Entonces, pensó Septimus, mirando hacia arriba, están haciéndome señas. No con palabras reales; es decir, no podía leer el idioma aún; pero estaba clara, esta belleza, esta exquisita belleza, y se le llenaron los ojos de lágrimas cuando vio las palabras de humo languideciendo y desapareciendo en el cielo y concediéndole, en su incansable caridad y risueña bondad, una forma tras otra de belleza inimaginable y señalándole sus intenciones de concederle, a cambio de nada, para siempre, tan solo mirándola, la belleza, ¡más belleza! Las lágrimas se derramaron por sus mejillas.

Era toffee; anunciaban toffee, le dijo una niñera a Rezia. Juntas, empezaron a deletrear t… o… f…

—K… R… —dijo la niñera, y Septimus la oyó decir «Ca Erre» cerca de su oído, gravemente, con suavidad, como un órgano melodioso, pero con cierta rudeza en la voz, como la de un saltamontes, que le rozaba deliciosamente la médula y enviaba ondas de sonido hacia su cerebro que, impactando, se quebraban. Vaya descubrimiento maravilloso, sin duda: que la voz humana, en ciertas condiciones atmosféricas (pues uno debe ser científico, por encima de todo científico), ¡pueda imbuirles vida a los árboles! Alegremente, Rezia posó su pesada mano sobre su rodilla, así que estaba clavado en su sitio, paralizado. O, quizá, lo habría vuelto loco la emoción de los olmos balanceándose, arriba y abajo, con sus brillantes hojas y el color cuya intensidad variaba entre los azules y los verdes de una ola hueca, como penachos en las cabezas de los caballos, o plumas en los tocados de las damas, tan orgullosas subían y bajaban, tan supremas. Pero no se volvería loco. Cerraría los ojos; no vería nada más.
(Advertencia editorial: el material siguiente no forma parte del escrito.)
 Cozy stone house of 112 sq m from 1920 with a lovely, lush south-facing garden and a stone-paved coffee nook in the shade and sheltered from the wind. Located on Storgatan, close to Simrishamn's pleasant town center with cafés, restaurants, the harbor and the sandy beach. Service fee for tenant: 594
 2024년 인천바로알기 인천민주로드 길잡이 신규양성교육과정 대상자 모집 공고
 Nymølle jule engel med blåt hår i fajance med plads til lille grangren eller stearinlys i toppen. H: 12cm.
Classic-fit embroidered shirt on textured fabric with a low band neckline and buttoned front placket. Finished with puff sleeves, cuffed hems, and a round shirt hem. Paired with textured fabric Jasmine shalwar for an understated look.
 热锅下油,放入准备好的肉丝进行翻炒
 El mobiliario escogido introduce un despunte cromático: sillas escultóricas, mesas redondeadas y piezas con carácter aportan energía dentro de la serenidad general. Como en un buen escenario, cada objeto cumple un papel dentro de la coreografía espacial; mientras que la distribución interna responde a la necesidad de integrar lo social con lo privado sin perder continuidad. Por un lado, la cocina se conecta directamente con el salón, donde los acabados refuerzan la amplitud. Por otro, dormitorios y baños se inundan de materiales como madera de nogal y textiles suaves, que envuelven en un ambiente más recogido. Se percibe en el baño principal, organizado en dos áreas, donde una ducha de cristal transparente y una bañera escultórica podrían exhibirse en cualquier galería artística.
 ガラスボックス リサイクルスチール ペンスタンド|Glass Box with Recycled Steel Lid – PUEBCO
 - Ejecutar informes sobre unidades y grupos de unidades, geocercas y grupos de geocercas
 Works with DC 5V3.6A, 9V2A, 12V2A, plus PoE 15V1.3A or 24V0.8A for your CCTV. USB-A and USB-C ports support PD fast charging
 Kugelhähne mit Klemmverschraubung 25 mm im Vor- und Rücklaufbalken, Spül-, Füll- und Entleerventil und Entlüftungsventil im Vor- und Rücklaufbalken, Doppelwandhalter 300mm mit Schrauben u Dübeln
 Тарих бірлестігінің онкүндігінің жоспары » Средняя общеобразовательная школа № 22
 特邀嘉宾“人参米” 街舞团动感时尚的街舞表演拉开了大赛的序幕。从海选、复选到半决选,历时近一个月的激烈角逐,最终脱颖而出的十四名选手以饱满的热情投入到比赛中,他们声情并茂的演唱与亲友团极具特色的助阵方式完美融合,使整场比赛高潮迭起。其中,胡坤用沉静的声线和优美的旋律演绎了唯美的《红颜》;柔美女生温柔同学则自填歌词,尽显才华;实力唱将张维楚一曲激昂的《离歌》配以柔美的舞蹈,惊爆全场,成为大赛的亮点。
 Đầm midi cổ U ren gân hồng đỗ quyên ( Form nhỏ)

Sin embargo, lo llamaban; las hojas estaban vivas; los árboles estaban vivos. Y las hojas estaban conectadas por millones de fibras con su propio cuerpo y, allí sentado, lo abanicaban; cuando una rama se estiraba él, de igual manera, la imitaba. Los gorriones revoloteando, subiendo y bajando hacia las fuentes rotas, hacían parte de un patrón; el blanco y azul, delimitado por negras ramas. Los sonidos creaban armonías con premeditación; los espacios entre ellos eran tan importantes como los sonidos. Un niño lloraba. En la lejanía, hacia la derecha, sonaba un claxon. Todos mezclados juntos daban a luz a una nueva religión.

—¡Septimus! —dijo Rezia. Él se sobresaltó con violencia. La gente debía haberlo notado.

—Caminaré hacia la fuente y volveré —dijo ella.